__Task prompt__.
The line containing "daily use needs." marks the end: extract everything from the first line of the data through that line, exactly, with no pictures.

--*--

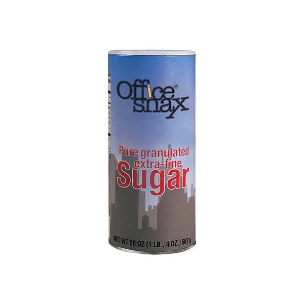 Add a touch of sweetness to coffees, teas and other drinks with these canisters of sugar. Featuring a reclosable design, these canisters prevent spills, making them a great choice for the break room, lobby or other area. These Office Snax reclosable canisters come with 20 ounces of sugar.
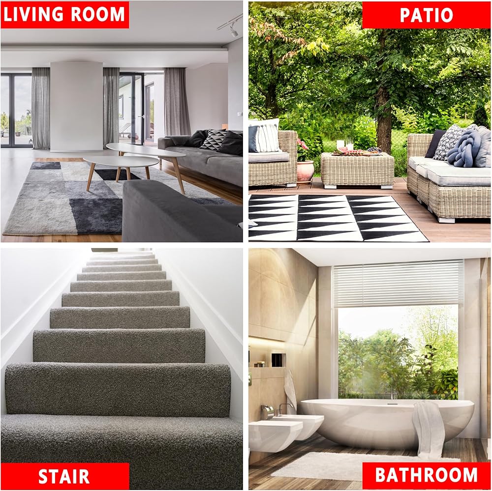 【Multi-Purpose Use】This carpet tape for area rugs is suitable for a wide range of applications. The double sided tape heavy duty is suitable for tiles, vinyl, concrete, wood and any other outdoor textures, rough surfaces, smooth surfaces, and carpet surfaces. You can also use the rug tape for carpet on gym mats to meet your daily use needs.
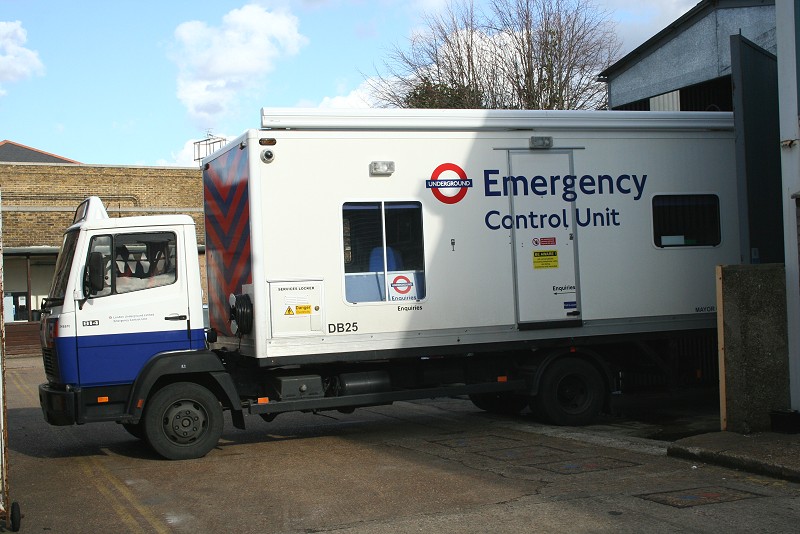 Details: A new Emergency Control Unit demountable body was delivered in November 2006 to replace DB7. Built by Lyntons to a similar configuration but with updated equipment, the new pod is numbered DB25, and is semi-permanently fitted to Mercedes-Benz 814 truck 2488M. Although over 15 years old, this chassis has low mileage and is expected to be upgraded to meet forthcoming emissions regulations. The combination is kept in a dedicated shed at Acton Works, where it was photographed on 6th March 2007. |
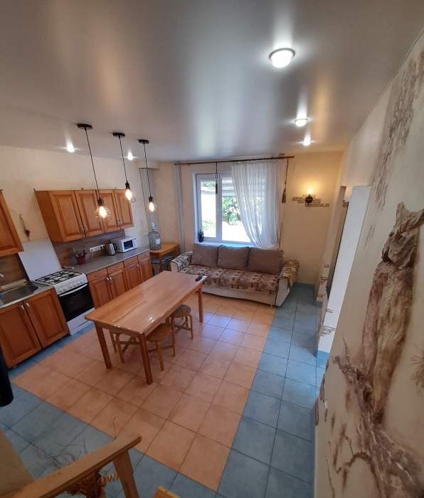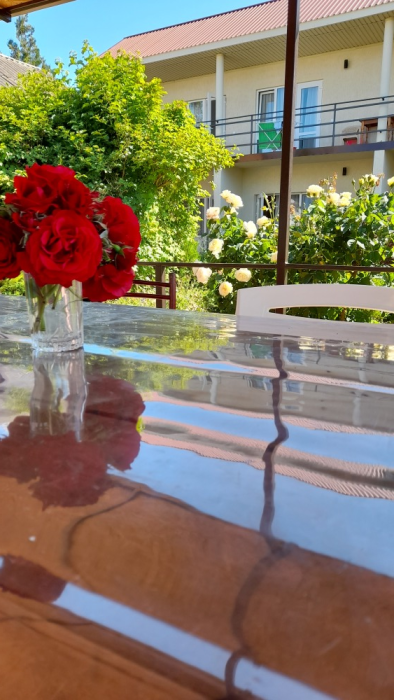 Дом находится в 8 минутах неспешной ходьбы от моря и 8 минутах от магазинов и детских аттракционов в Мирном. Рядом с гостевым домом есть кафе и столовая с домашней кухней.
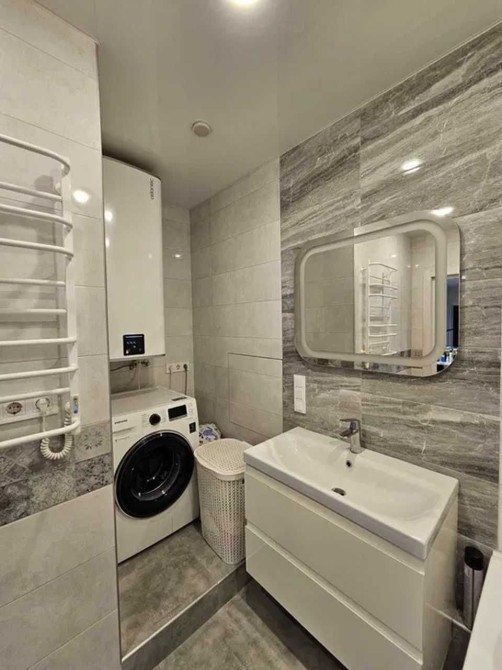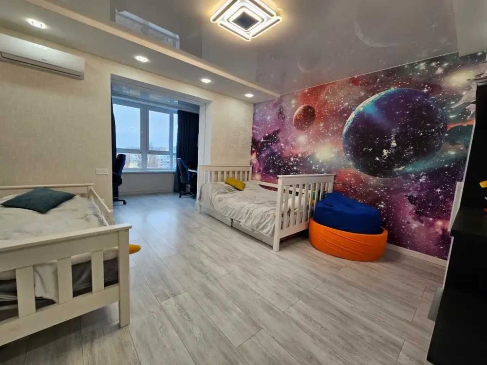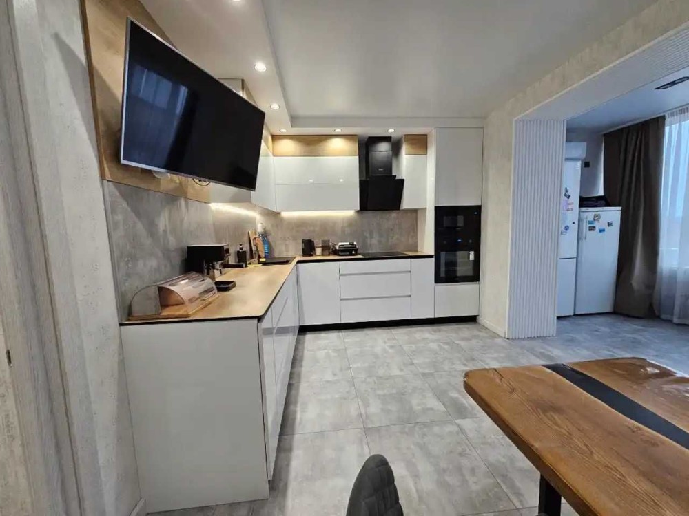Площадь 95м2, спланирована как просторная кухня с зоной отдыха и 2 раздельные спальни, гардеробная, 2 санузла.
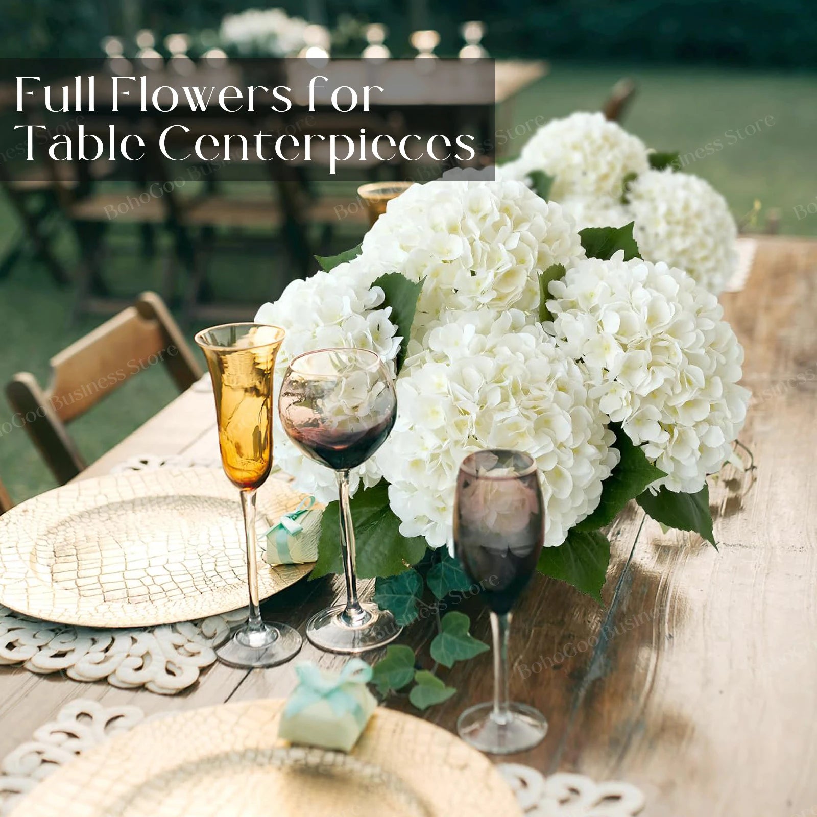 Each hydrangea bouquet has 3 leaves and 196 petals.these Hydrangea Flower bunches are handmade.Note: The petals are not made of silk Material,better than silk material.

--*--

__Finished exercise__.
 Add a touch of sweetness to coffees, teas and other drinks with these canisters of sugar. Featuring a reclosable design, these canisters prevent spills, making them a great choice for the break room, lobby or other area. These Office Snax reclosable canisters come with 20 ounces of sugar.
 【Multi-Purpose Use】This carpet tape for area rugs is suitable for a wide range of applications. The double sided tape heavy duty is suitable for tiles, vinyl, concrete, wood and any other outdoor textures, rough surfaces, smooth surfaces, and carpet surfaces. You can also use the rug tape for carpet on gym mats to meet your daily use needs.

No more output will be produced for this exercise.